Herodotus
c. 484 BC – c. 425 BC
Herodotus was born around 484 BC in Halicarnassus (modern Bodrum), a Greek city under Persian rule on the coast of Caria. He travelled extensively — Egypt, Babylon, Scythia, southern Italy — and eventually settled in Thurii, the Athenian colony in southern Italy, where he probably died sometime after 430 BC.
His Histories is the first great work of prose literature in Western civilisation and the founding text of historiography. In nine books, Herodotus traces the origins and course of the conflict between Greece and Persia, from the reign of Croesus of Lydia through the Persian invasions of 490 and 480–479 BC. But the narrative is gloriously expansive: it encompasses the customs of the Egyptians, the geography of Scythia, the rise of the Persian Empire, and dozens of marvellous stories and digressions that make the work a portrait of the entire known world.

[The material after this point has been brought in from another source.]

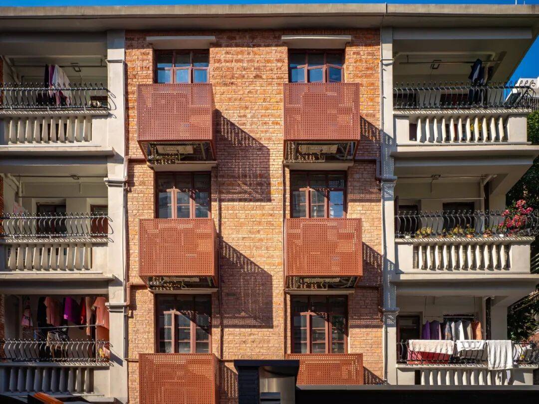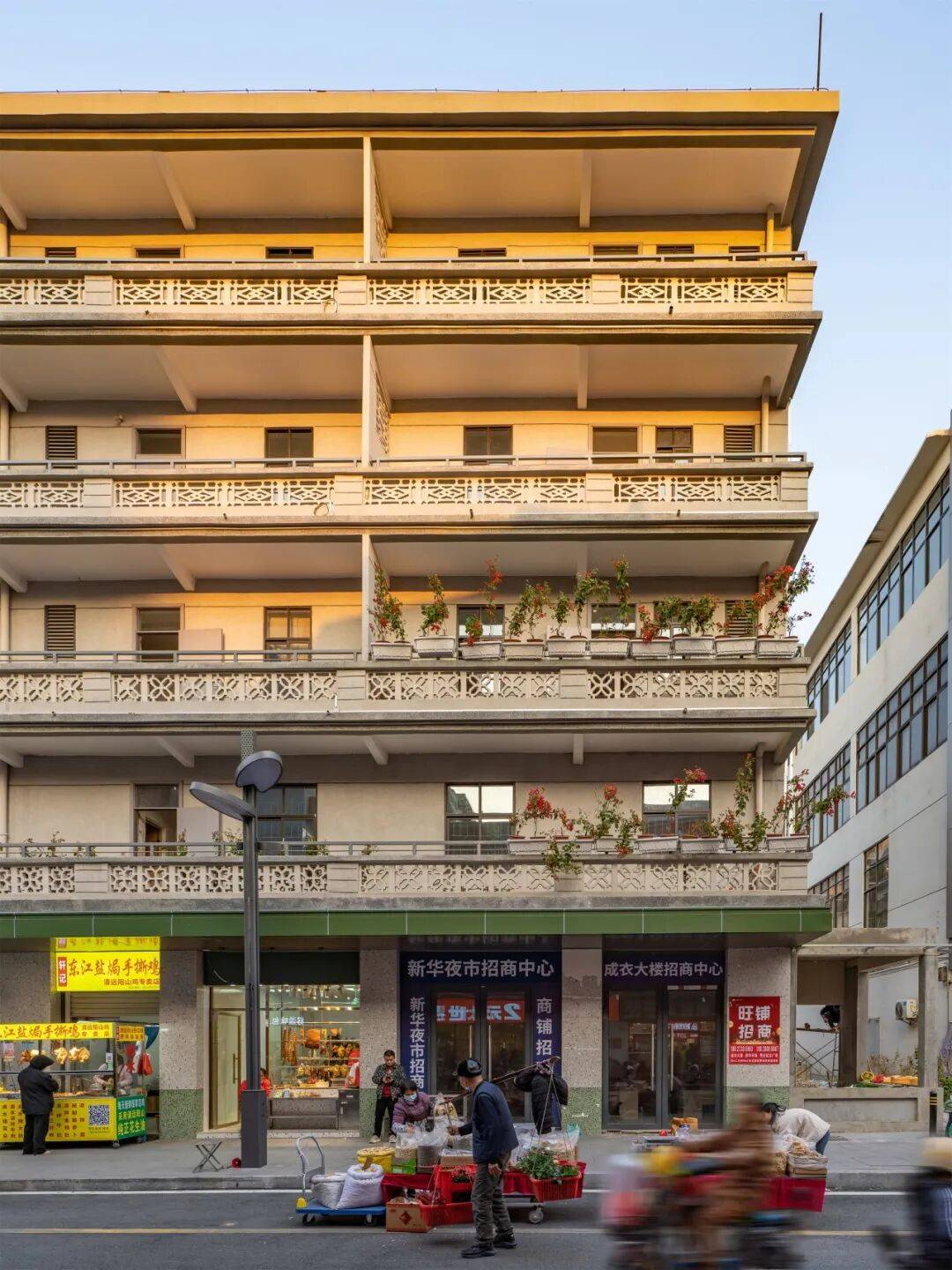 整治提升:对杂乱立面进行统一规整,植入现代材质的空调机位、雨篷与窗花元素;

Cicero called him the 'father of history'. Plutarch called him the 'father of lies'. Both assessments capture something real. Herodotus was credulous about some things and sceptical about others; he reported what he was told and sometimes noted his own doubts. Modern archaeology has confirmed many details once dismissed as invention. The Histories remains one of the most enjoyable books ever written — humane, curious, digressive, and endlessly surprising.